═══ PROVIDED INFORMATION

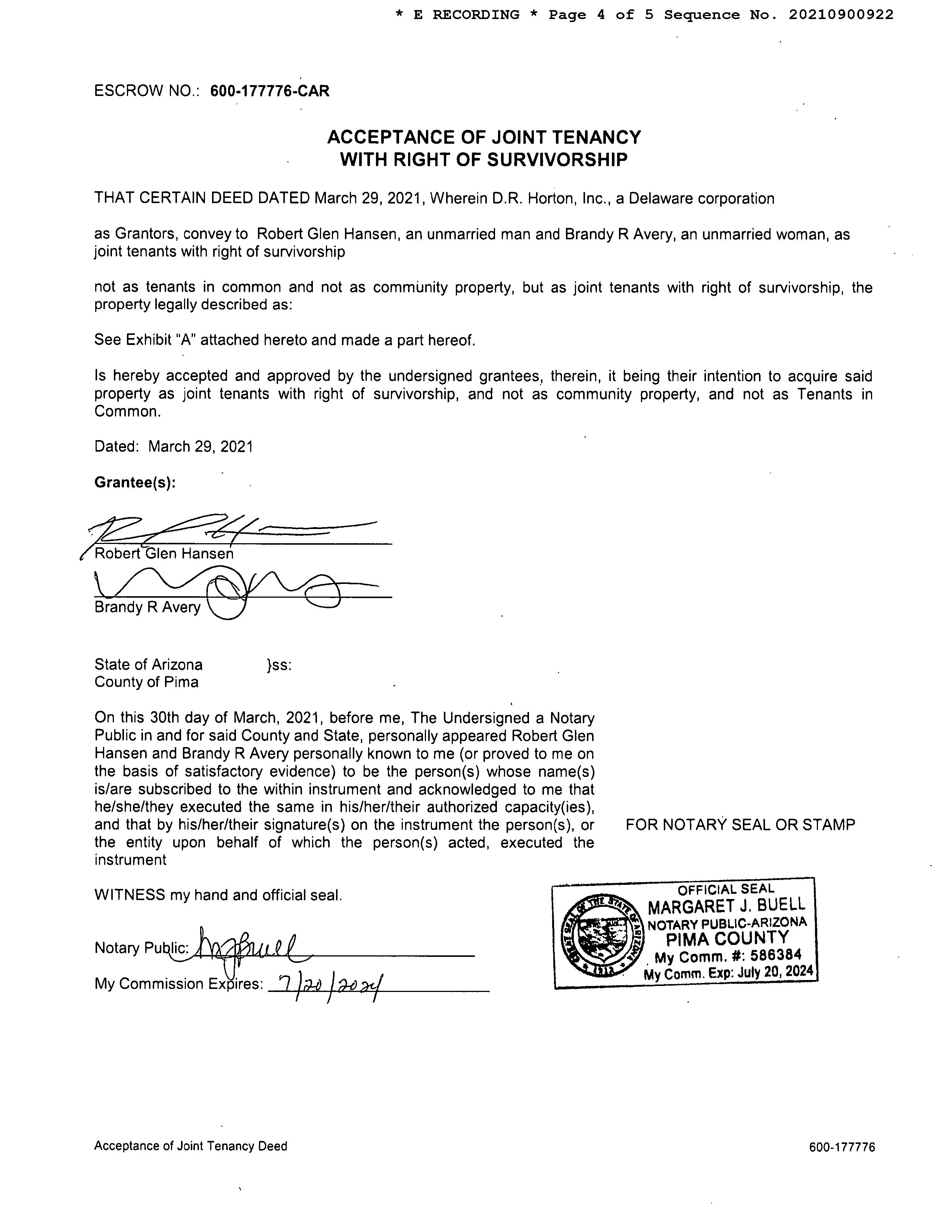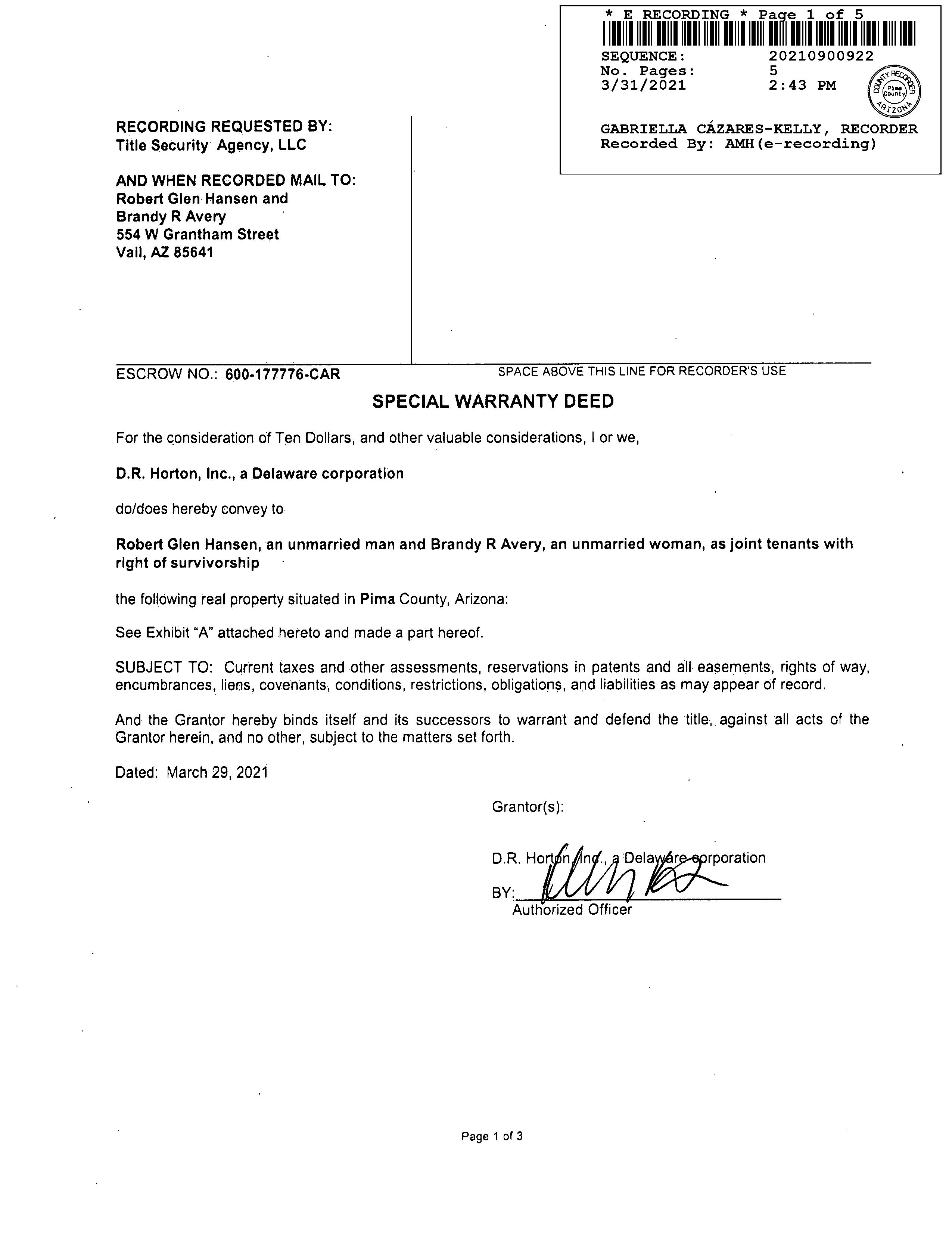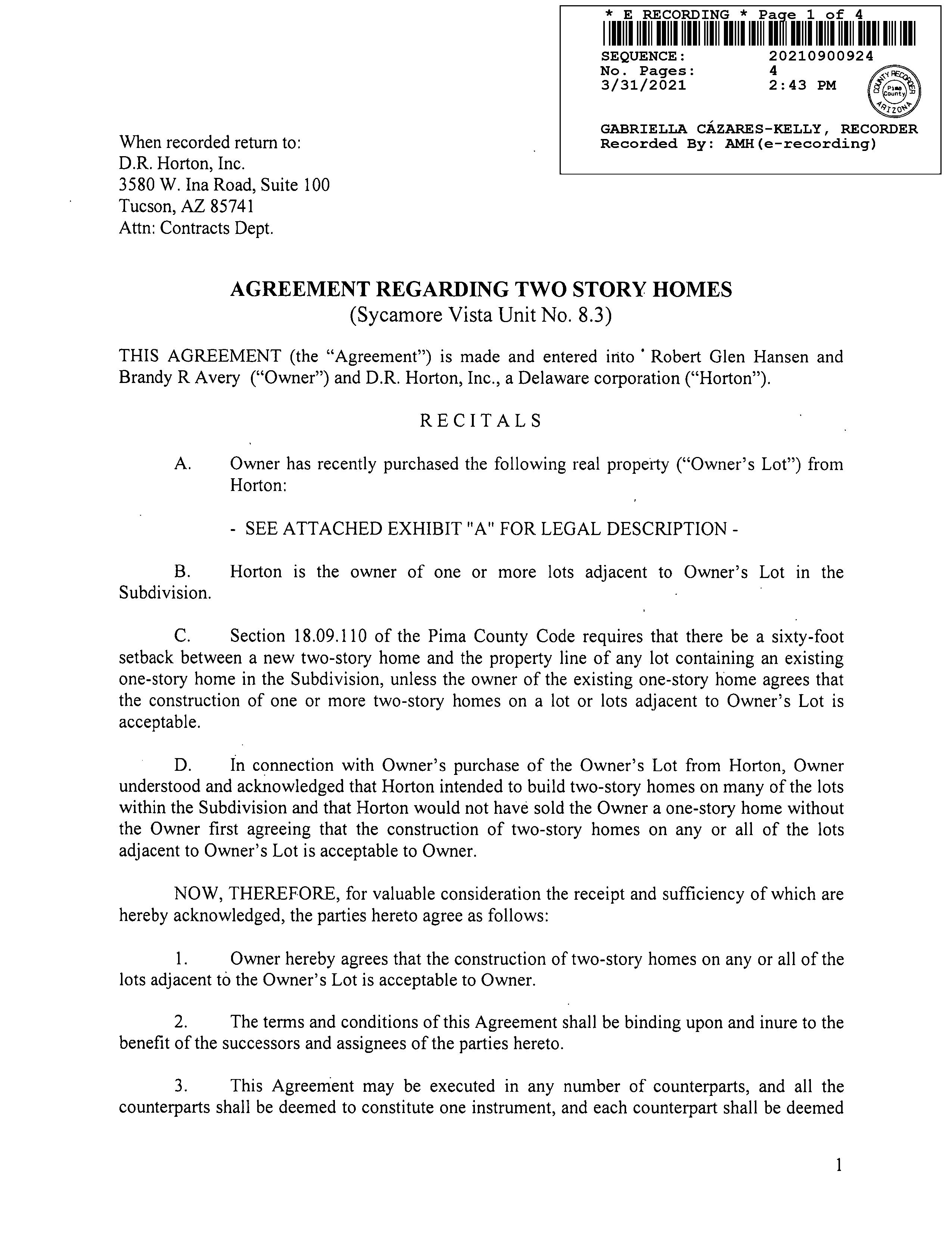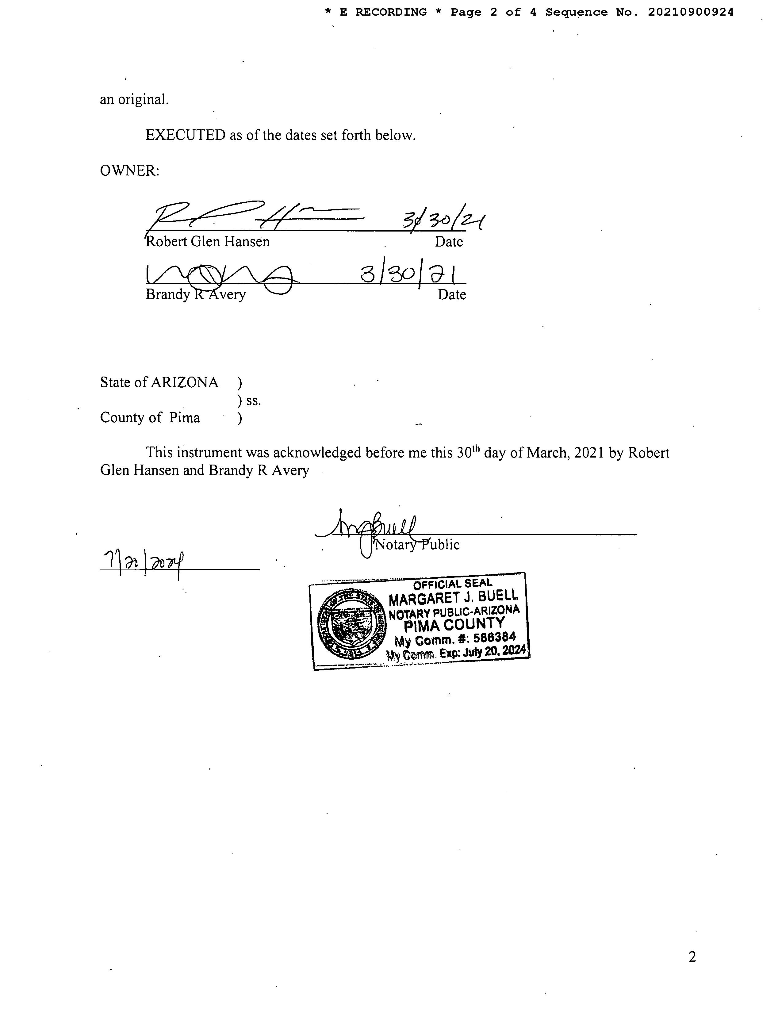 OWNER: HANSEN ROBERT GLEN & AVERY AFFIDAVIT 2021 900922 03/31/2021
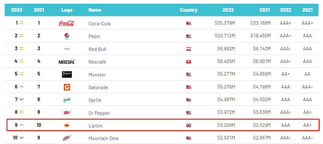 其中,立顿在英国品牌评估机构发布的“全球软饮料品牌价值”榜单里排名第9,品牌价值达到32.06亿美元(折合人民币约223亿元),仅次于雪碧。
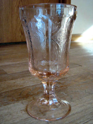 Title (ebay affiliate link): Vintage Pink Depression Glass Water Goblet Federal Madrid Pattern
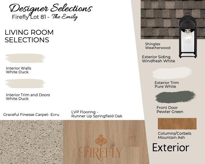 Description: Quick Move-In Designer Home!! This will be ready to close by Mid October 2025! Welcome to the Emily on Lot 81 in Firefly! The Emily floor plan is a beautiful 4 bedroom 3 bathroom plan! Upon entering the home, you’re greeted by an open concept dining space, kitchen & living room. The spacious living room features large windows & vaulted ceilings. In the kitchen we have a large center island & ample cabinet space. As you make your way through the home, bedrooms two & three will be on one side, joined together by a Jack & Jill bathroom that features a large single vanity. On the opposite side of the home, you will find the primary bedroom & en-suite bathroom. The owners bedroom features large windows that overlook the 11x7 back patio, and a spacious walk-in closet. Bedroom four is on the back of the home along with a full hall bath. Visit our website to see all of the amenities the Firefly Community has to offer!
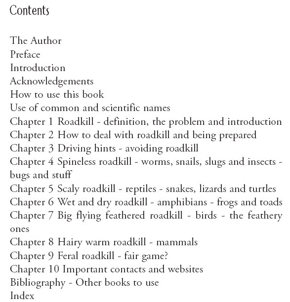 This book provides an overview of the types of roadkill, hints on what to do with them, how to clean bugs off the car and an eclectic mix of other information - from road safety to recipes.
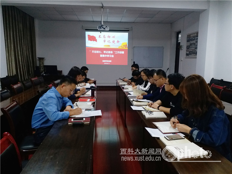 守初心、担使命、找差距、抓落实。9月17日下午,公司党委在雁塔校区学院会议室召开“不忘初心 牢记使命”工作部署暨集中学习会,公司党委全体处级干部、党支部书记参加了会议。会议由经理兼党委副书记柴敬主持。
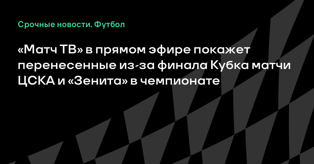 «Матч ТВ» в прямом эфире покажет перенесенные из-за финала Кубка матчи ЦСКА и «Зенита» в чемпионате
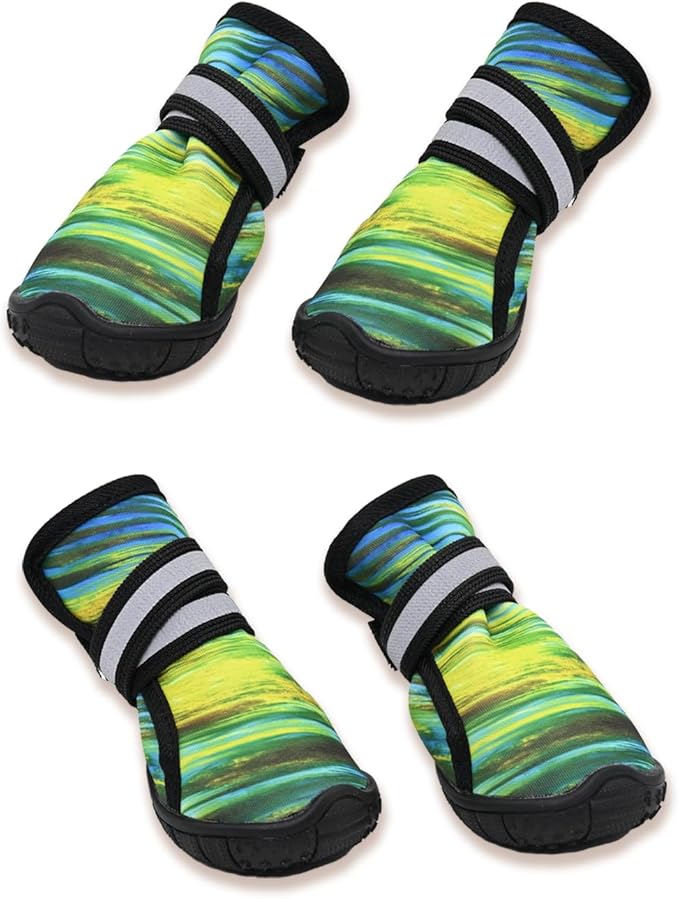 Dog Shoes for Small Medium Large Dogs,Neoprene Dog Booties & Paw Protectors for Hiking Hot Pavement Hardwood Floors,Quick-Drying Fabric Dog Boots W/Perforated soles for Flowing Water (Green-5)

══════

* ABOUT THIS TASK *
This task calls for the lines from the line containing "其中,立顿在英国品牌评估机构" through the end of the listing, set down exactly and only, with pictures omitted.

* REPLY *
 其中,立顿在英国品牌评估机构发布的“全球软饮料品牌价值”榜单里排名第9,品牌价值达到32.06亿美元(折合人民币约223亿元),仅次于雪碧。
 Title (ebay affiliate link): Vintage Pink Depression Glass Water Goblet Federal Madrid Pattern
 Description: Quick Move-In Designer Home!! This will be ready to close by Mid October 2025! Welcome to the Emily on Lot 81 in Firefly! The Emily floor plan is a beautiful 4 bedroom 3 bathroom plan! Upon entering the home, you’re greeted by an open concept dining space, kitchen & living room. The spacious living room features large windows & vaulted ceilings. In the kitchen we have a large center island & ample cabinet space. As you make your way through the home, bedrooms two & three will be on one side, joined together by a Jack & Jill bathroom that features a large single vanity. On the opposite side of the home, you will find the primary bedroom & en-suite bathroom. The owners bedroom features large windows that overlook the 11x7 back patio, and a spacious walk-in closet. Bedroom four is on the back of the home along with a full hall bath. Visit our website to see all of the amenities the Firefly Community has to offer!
 This book provides an overview of the types of roadkill, hints on what to do with them, how to clean bugs off the car and an eclectic mix of other information - from road safety to recipes.
 守初心、担使命、找差距、抓落实。9月17日下午,公司党委在雁塔校区学院会议室召开“不忘初心 牢记使命”工作部署暨集中学习会,公司党委全体处级干部、党支部书记参加了会议。会议由经理兼党委副书记柴敬主持。
 «Матч ТВ» в прямом эфире покажет перенесенные из-за финала Кубка матчи ЦСКА и «Зенита» в чемпионате
 Dog Shoes for Small Medium Large Dogs,Neoprene Dog Booties & Paw Protectors for Hiking Hot Pavement Hardwood Floors,Quick-Drying Fabric Dog Boots W/Perforated soles for Flowing Water (Green-5)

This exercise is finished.